Dreaming of the birth of the “Chinese version of Tesla,” the Chinese government has invested billions of dollars in the electric car industry over a decade, but the subsidies have been misappropriated and the industry is experiencing a cold wind at a time when subsidies are being abolished.
According to CNBC, the Chinese government has been aspiring to develop new energy vehicles since the return of a German Audi engineer about 10 years ago. He persuaded the Chinese government to implement a national strategy to invest billions of dollars in developing new energy vehicles.
As a result, venture capitals have poured billions of dollars into the emerging electric car industry. Along with the support of the Chinese government over the years. Thanks to this, about 500 Chinese electric vehicle manufacturers have been established. And China has become a leader in battery technology.

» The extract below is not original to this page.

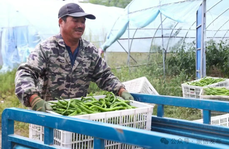 崇信县凭借土壤肥沃、光照充足、灌溉便利等自然优势,充分发挥农投公司示范引领作用,通过“基地+企业+村集体+农户”的联农带农发展机制,大力发展设施蔬菜产业。目前,农投公司在汭河川现代循环农业示范园种植的黄线8号辣椒,已采摘近8成,因其口感脆辣、品质优良,受到市场青睐。
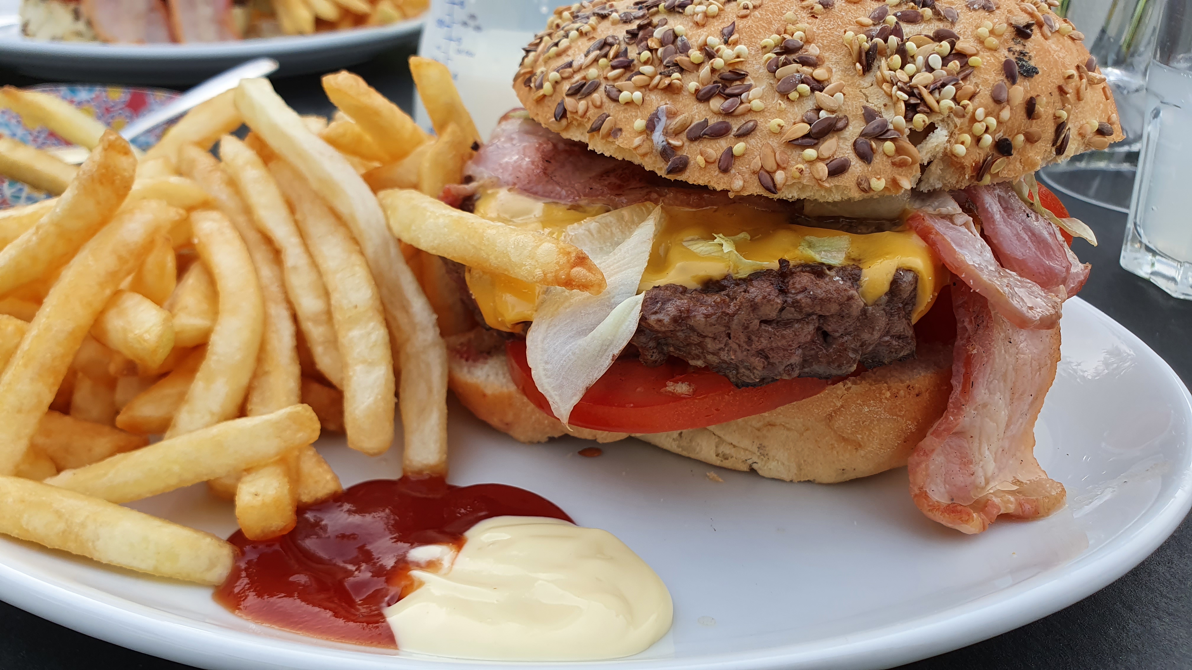 Excellent hamburger, superbe vue

However, some automakers are going bankrupt one after another due to sluggish sales at present. Sales are expected to further decline as consumer subsidies for new energy vehicles will be phased out next year.
How the dream of Chinese Tesla started to fall apart
Shares of electric vehicle Nio fell more than 50 percent this year on the U.S. stock market. In November, Alibaba-backed Xiaopeng went out to attract $400 million worth of investment. While BYD reported a 130 percent on-year drop in its net profit in the third quarter. Some even say that the fever in the field was not a bubble. When the companies that survived after 10 years of investment issued such poor grades.
Earlier, some companies turned out to have misappropriated the aid on a large scale. Which was also the reason behind the slowing growth in sales of new cars due to consumers’ antipathy.
According to the Chinese finance ministry, the central government spent at least 33.4 billion yuan in aid between 2009 and 2015. While Chinese auto industry said the number of new energy vehicles sold more than four times in 2014. From the previous year in the wake of the electric car boom, and more than quadrupled to 330,000 units in 2015.
In 2016, however, the Treasury Department found that at least five companies received more than 1 billion yuan in aid unfairly. Sales of new energy vehicles rose only 53 percent that year, dampening gains.
Currently, China’s CATL is the top manufacturer of global electric vehicle batteries. In the case of electric cars sold in China, it is due to the policy of limiting subsidies if they are not a local battery company. China is the world’s best-selling market for electric cars.
However, some predict that this trend will slow down within a few years if government reduce subsidies for electric vehicles. The Chinese government’s support policy is scheduled to end in 2021.